While October 31 marks Halloween, or All Hallows Eve, it is November 1 on which Pagans and Wiccans welcome Samhain (SOW-en), which means “summer’s end” and is the Celtic New Year. The Celtic day starts at night (hence the eve of October 31). It is the dark from which things begin, the child forming in the womb or the seed readying itself to sprout from the soil. Some Wiccans and Pagans see Samhain as the most magically potent times of the year.

Working Magic at Samhain

For years I have volunteered at a non-secular Halloween event for the public that starts with a costumed character talking about the holiday’s Celtic origins and ends with a Wiccan or Pagan explaining that Witches are ordinary people who happen to work magic. This final station is a bit magical as individuals stand in a circle around a campfire set in the woods at night.

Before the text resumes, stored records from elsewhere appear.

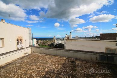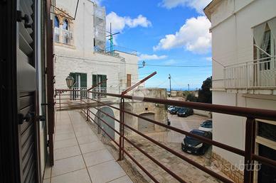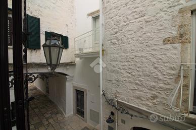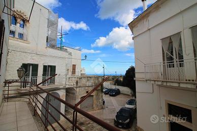 PALAZZO STORICO DEL 600' COMPOSTO DA DUE ABITAZIONI INDIPENDENTI CON VISTA MARE: PRESENTE AGIBILITA'. Nel cuore del centro storico di Ostuni, in un suggestivo vicolo dal fascino senza tempo, sorge un incantevole palazzo dei primi del '600, custode di storia e autenticità. Un antico portone originale conduce alle due abitazioni al primo piano, entrambe con ingresso indipendente. La prima soluzione, più raccolta e caratteristica, accoglie in un vano luminoso con bagno di servizio; una scala interna accompagna al livello superiore dove si apre una seconda stanza con un secondo bagno e accesso diretto a un ampio terrazzo dalla suggestiva vista mare: uno spazio generoso e riservato, da attrezzare per vivere momenti di relax ammirando il sole e l'orizzonte. La seconda abitazione, di metratura più ampia, si distingue per un elegante e luminoso soggiorno con alte volte, una sala pranzo con cucina, un bagno e due comode camere da letto, di cui una con bagno privato. Da qui si accede a un balcone con affaccio sul mare, che regala scorci suggestivi e luce naturale. L'immobile è dotato di agibilità, riscaldamento termoautonomo a metano, pavimentazione in gres e porte originali in legno che conservano tutto il calore dell'epoca. Una proprietà ideale per chi desidera abitare tra mura che raccontano una storia, oppure per chi è alla ricerca di un investimento sicuro e di charme nel cuore della Città Bianca. POSSIBILITA' DI ACQUISTARLA CON GARAGE ADIACENTE DOVE E' POSSIBILE EFFETTUARE IL CAMBIO DI DESTINAZIONE D'USO IN ABITAZIONE.
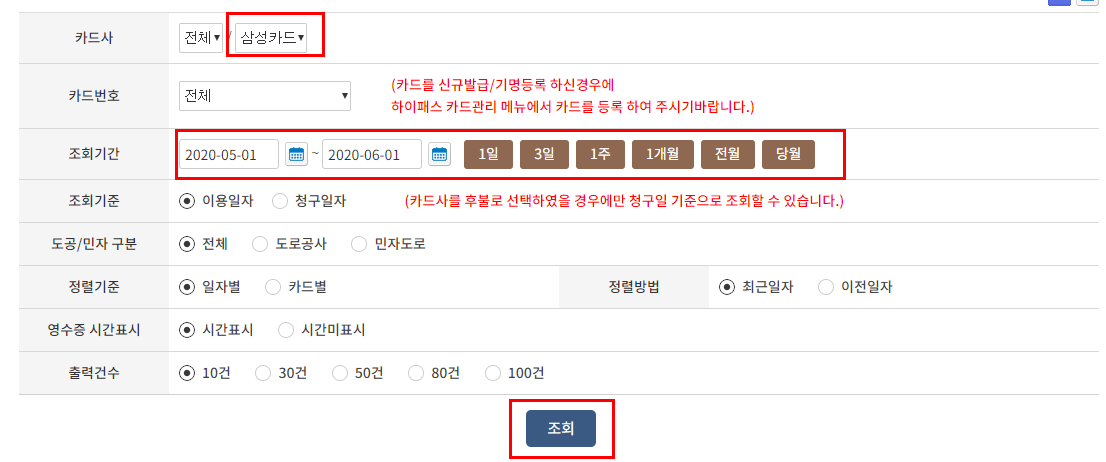 3. 하이패스 사용내역 조회 방법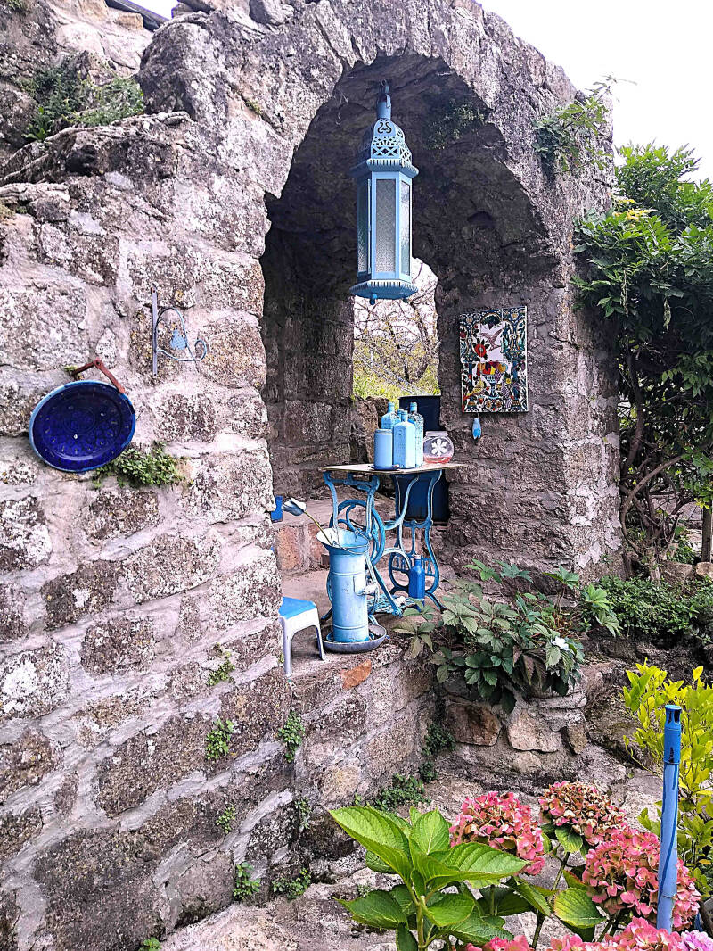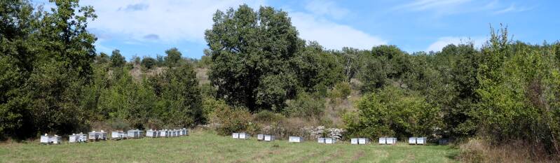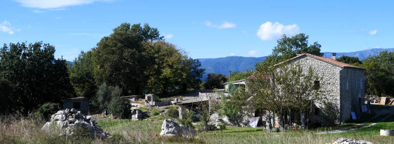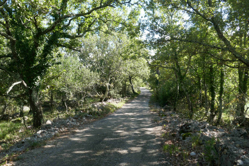 Nu Aukjes knie het tijdens de klimoefening van eergisteren goed gehouden heeft, willen we er vandaag nog een schepje bovenop doen. Weer omhoog en omlaag dus en vandaag met als doel de hermitage die verderop op een helling moet zijn gebouwd. We steken opnieuw de beek Le Sandron over en slaan verderop nu linksaf een track in dat verder omhoog gaat. Een mooie wandeling volgt, waarbij we door een bosrijke omgeving lopen. Bij de hermitage aangekomen zien we dat graaf Raymond d’Ucel geen half werk heeft afgeleverd. Hij zou de kapel in de dertiende eeuw hebben gebouwd op het graf van zijn vrouw Blance, die bij een aanval op het kasteel van Ucel om het leven was gekomen. Rondom de kapel zien we tekenen van bewoning, zoals een kleine moestuin en hout voor de open haard. En vanuit de kapel menen we ook geluid te horen vanuit een ruimte achter de kapel. We laten de eventuele kluizenaar(ster) verder met rust en vervolgen onze wandeling. Die route gaat daarbij verder omhoog totdat we op een track uitkomen. Hier buigen we rechtsaf en via nog wat doorsteekjes, waarbij het af en toe wat klauteren is, komen we terug bij de camping. Volgens onze telefoon een wandeling van 4,75 kilometers met daarbij 160 meters stijgen en dalen.
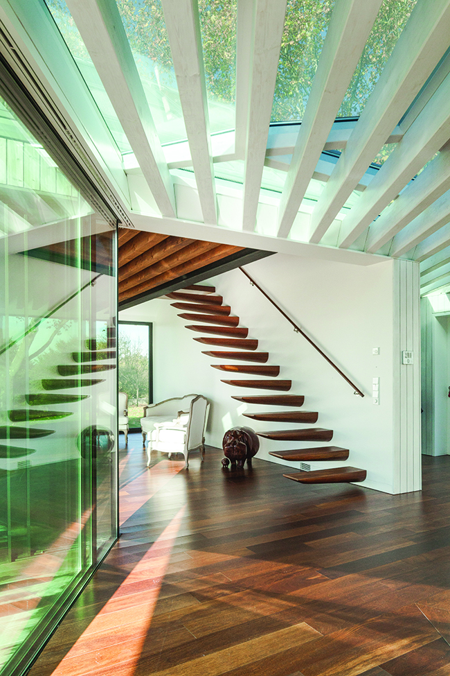 “Para materializar o objetivo principal do projeto, ou seja, o de unir as quatro casas em uma só, escolhemos o vidro como material chave, para integrar os volumes tanto para quem observa pelo exterior como para quem o percorre por dentro”, diz o arquiteto. “O vidro foi então aplicado em panos de grande dimensão, para minimizar as juntas que reduziriam o efeito desejado.”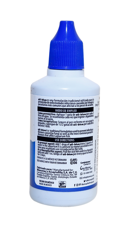 All-Blue es una formulación tradicional utilizada para la prevención de enfermedades infecciosas causadas por hongos y parasitarias más comunes que afectan a los peces de acuario.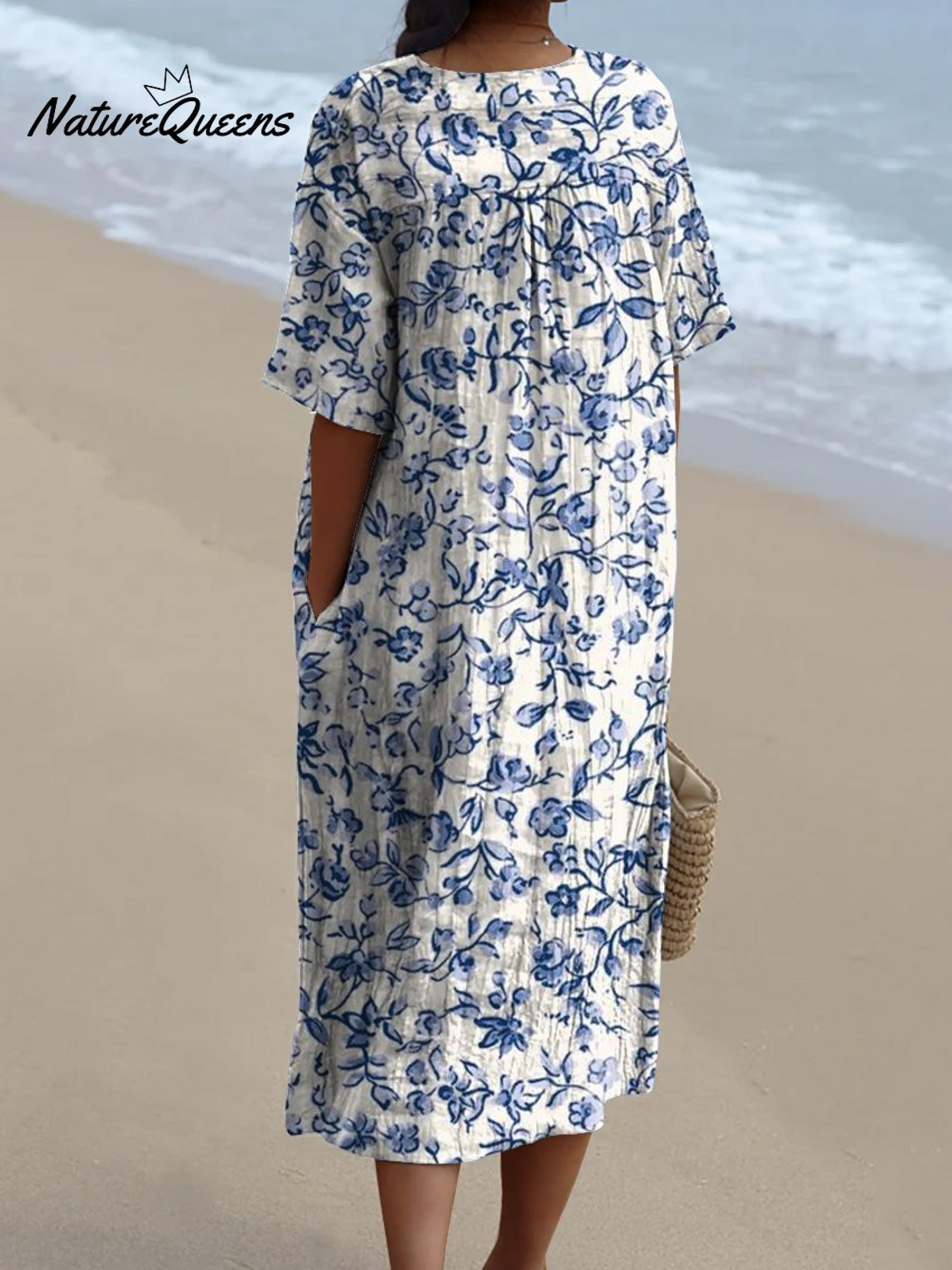 Women's Small Blue Flowers Watercolor Splash Fluid Art Print Flowy Dress

After explaining a bit about the daily practices of Wicca and Paganism, I would tell folks that we would work a bit of magic right then and there. I’d put on some Celtic music and encourage everyone to walk, skip, or dance around the fire. We’d start out traveling deosil, or clockwise, around the blaze. While moving, I’d tell them to think of something that they wanted to see manifest in their lives by the spring. In 2006, I remember thinking how I was truly ready to have someone in my life with whom to share a loving relationship.

After once or twice around the campfire, I’d call out that everyone should turn around and now travel counterclockwise, or widdershins. (Yes, there was always a second or two or chaos that got everyone laughing.) I explained that we moved in this direction to banish or get rid of the things in our life that prevented us to have the space we needed to welcome in the stuff we wanted. It didn’t matter what it was that we desired, we had to do some mental housekeeping. For me, this meant realizing that I couldn’t continue to focus most of my energy on helping my ailing mother. Although it would be hard, I needed to do the things that would improve my life.

Next, to create a bit more chaos (because isn’t that what change is?), I had everyone travel around the campfire clockwise to add a bit more power to our wishes. I repeated this routine a total of twenty or so times over the two or three night of the event. I was not only working with my energy but that of the crowd working their magic.

The Light Half of the Year and Beltane

May 1 is welcomed with Beltane, or the beginning of the season of growth. However, the magic I’d worked at Samhain didn’t wait for Beltane to begin. A week after Samhain, an acquaintance who was overwhelmed with the demands of her widowed father, thought about what I had been going through and offered me a room to stay in for as long as I needed.

In the spring of 2007, I started a walking routine and then found a diet book compatible with my mindset. One of the diet books suggestions was to do something that I kept holding off doing until I reached my goal weight. So, I joined an online dating service. A few days after Beltane I was matched with a man with whom I shared many values. I learned that just a month after my magick-making he ended a ten-year relationship that had been sour for a few years. By June, we met and started dating; in 2010 we married.

Whether or not you are Wiccan or Pagan, and even if you can’t set a fire in your backyard and gather a hundred people to join you in dancing around its flames, you can light candles this Samhain and put on some music that gets you dancing around your home, putting a spell on yourself, a wish for what you wish to see in the spring.